Gänsehaut für die Seele

Porsche umschreibt die Performance des Taycan fast schon poetisch mit "Gänsehaut für die Seele". Nette Untertreibung für diese blechgewordene Naturgewalt. Die 30 Kilo, die der Crossie im Vergleich zur Limo zusätzlich auf die Waage bringt, werden einfach so mit in Richtung Horizont geschossen. Als wären sie nicht existent. Kein Unterschied zum Normal-Taycan spürbar. Überhaupt scheint das 2,3 Tonnen-Geschoss physikalische Gesetze der schweren Kraft schlichtweg zu ignorieren.

Auf kurvigen Landstraßen verbündet sich der Bursche mit dem Asphalt, als hätten beide seit Jahren eine innige Liaison. Die tiefe Einbaulage der Batterie, die ausgewogene Gewichtsverteilung, die routinierte Abstimmung und die direkte Lenkung ergeben ein Gesamtpaket, das den Taycan zum Porsche unter den E-Autos adelt. Uneingeschränkt gilt dieses Urteil auch für den Cross Turismo.  
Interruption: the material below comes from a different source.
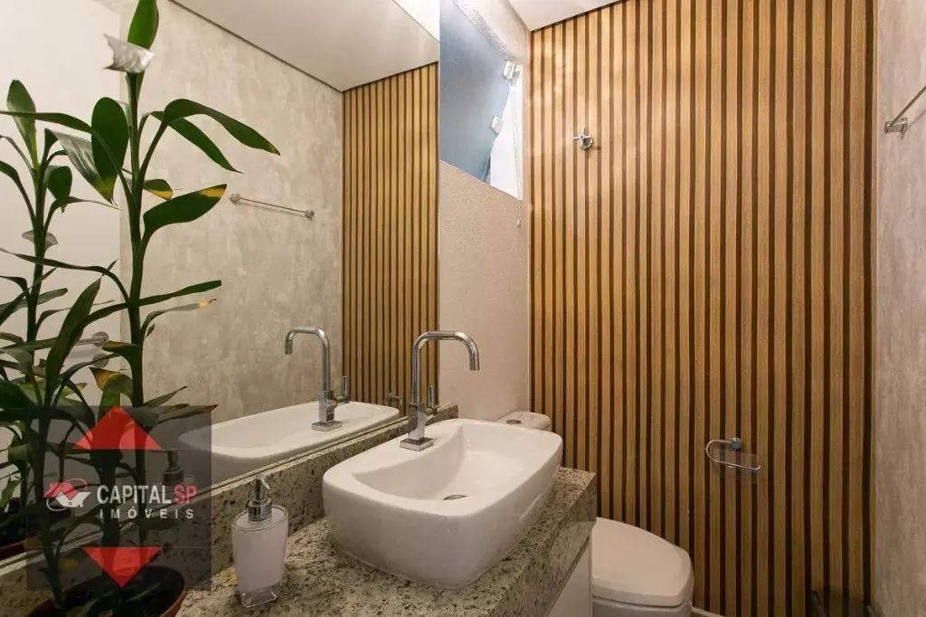 Lavabo discreto e funcional no térreo

Porsche glaubt, dass ab Frühsommer 40 Prozent aller Taycan-Kunden das Hobby-Heck des Cross Turismo wählen. Bei einem Aufpreis von moderaten 1.260 Euro netto zur Limousine eine eher noch defensive Prognose. Los geht 's bei 78.684 Euro netto. Und, damit Sie beim Händler nicht nachfragen müssen: Nein, eine Kombiversion wird es nicht geben.